Russia looks prepared

What is happening has and will have a huge impact on various processes in the world – after all, oil is and will remain the world’s main raw material. For many oil producers, this situation will mean tightening their belts. This is likely to mean the same for Russia, which needs an oil price of around $ 40 a barrel (to keep its budget balanced). In general, it can be said that Russia is much better prepared for a price war this time. Thus, some argue that Russia may be able to live with oil prices of $ 30 to $ 40 a barrel in the corridor for even a few years and wait for low prices to unprepared for all black gold miners with higher barrel costs. For example, it may cause some problems for the US shale oil industry at some point.

Saudi Arabia, on the other hand, needs an oil price of around $ 80-90 a barrel to keep its budget balanced. This is despite the fact that the cost of extracting oil for one country is only three US dollars, writes the financial news portal Barron’s. In any case, the cheaper the oil, the longer the phenomenon, the greater the likelihood of crisis and even unrest in many of these countries.

Will all OPEC break down?

First of all, the relatively new formation OPEC + has been lost for the time being. However, it is believed that no particularly good scenarios await the whole of OPEC as a formation in the future. In essence, the potential for additional oil supply has grown rapidly and, while one country commits to extract less oil, the other is pumping more and gaining market share. Lately, this seems to have been the fate of OPEC. As long as the cartel tries to withhold oil and hold a much higher price, it threatens to lose market share. In addition, there have been occasional judgments that OPEC countries themselves should be seen as competitors who, under certain circumstances, may resume open competition for markets rather than pursue a common strategy.

Thus, in recent years, there has been repeated talk of the collapse or even potential collapse of this oil exporter formation. OPEC’s cooperation with Russia (in order to give more weight to their overall decisions in the oil market) was not to the liking of all the cartel members themselves. This situation has, for example, given other OPEC countries additional reason to believe that their views are becoming less important. As early as the end of 2018, Qatar announced that it would leave the OPEC group after 60 years of participation. State officials at the time suggested that Russia’s cooperation with OPEC was another signal that it no longer needed the cartel.

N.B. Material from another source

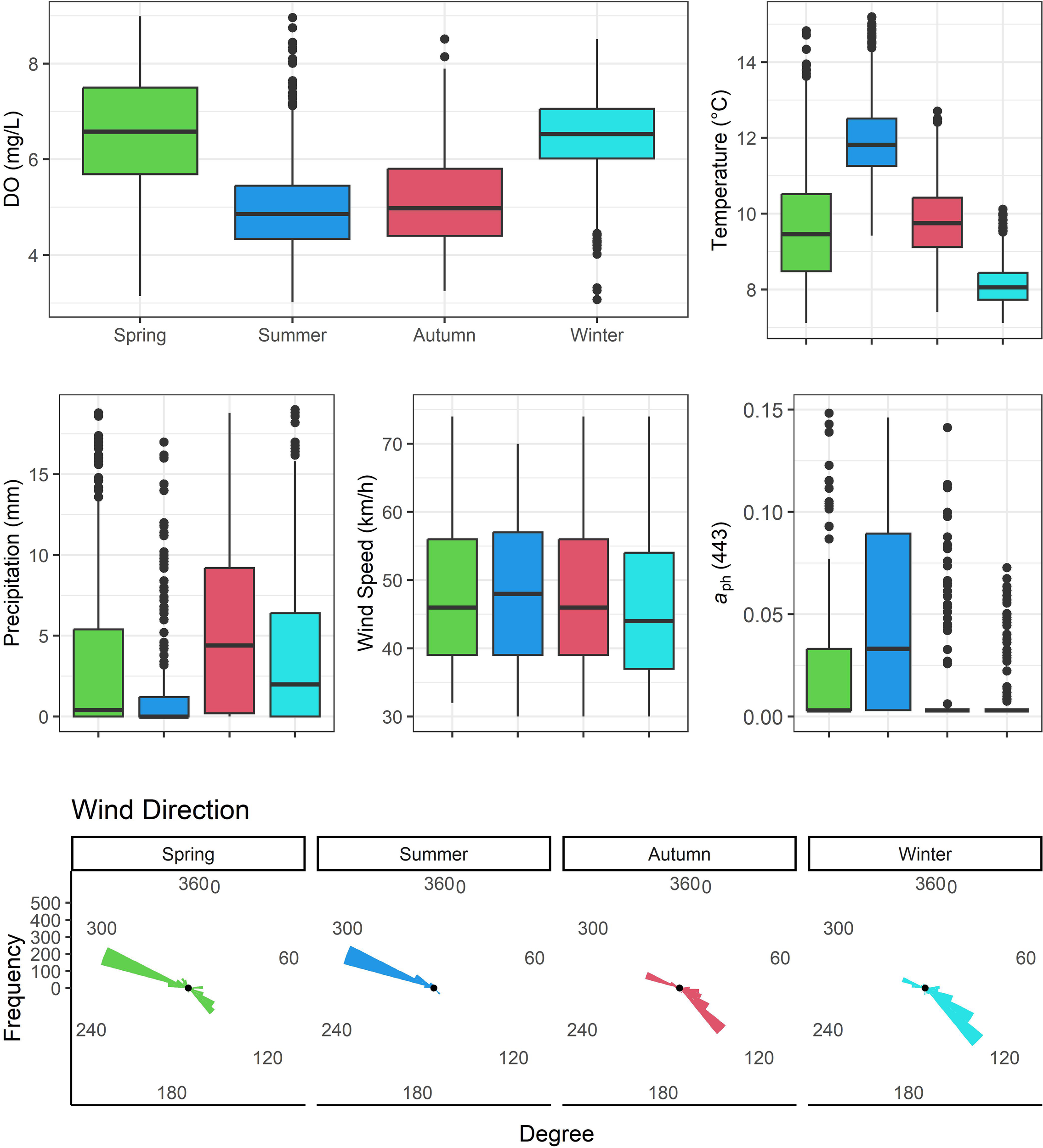 The correlation matrices of daily average minimum DO concentrations and environmental predictors showed markedly different patterns depending on seasons (Supplementary Figure 2). For example, the season for which maximum temperature had the strongest correlation with DO concentrations was in spring (ρ = -0.24), with changes in direction and magnitude in other seasons (summer ρ = 0.12; autumn ρ = -0.15, and winter ρ = -0.12). In the case of wind speed, daily average minimum DO was shown to have mildly positive correlations in autumn and winter (ρ = 0.32 and 0.28, respectively), but nearly no correlations in spring and summer (ρ = -0.05 and 0.05, respectively). The aph(443) values produced the strongest negative correlation with daily average minimum DO in autumn (ρ= -0.29), with very weak negative correlations in the spring and summer (ρ = -0.05 and -0.09, respectively), and nearly no correlation in the winter months (ρ = 0.03).

The history of OPEC’s quota reduction decisions is not flattered by history either. Back in 1979, OPEC countries accounted for more than 50% of world oil consumption (now a third). In 1980, the cartel reduced its quotas for mining gold in order to balance the situation on the oil market. The resulting vacuum in the oil market was rapidly filled by black gold from the North Sea and Alaskan oil fields, and OPEC began to lose market share.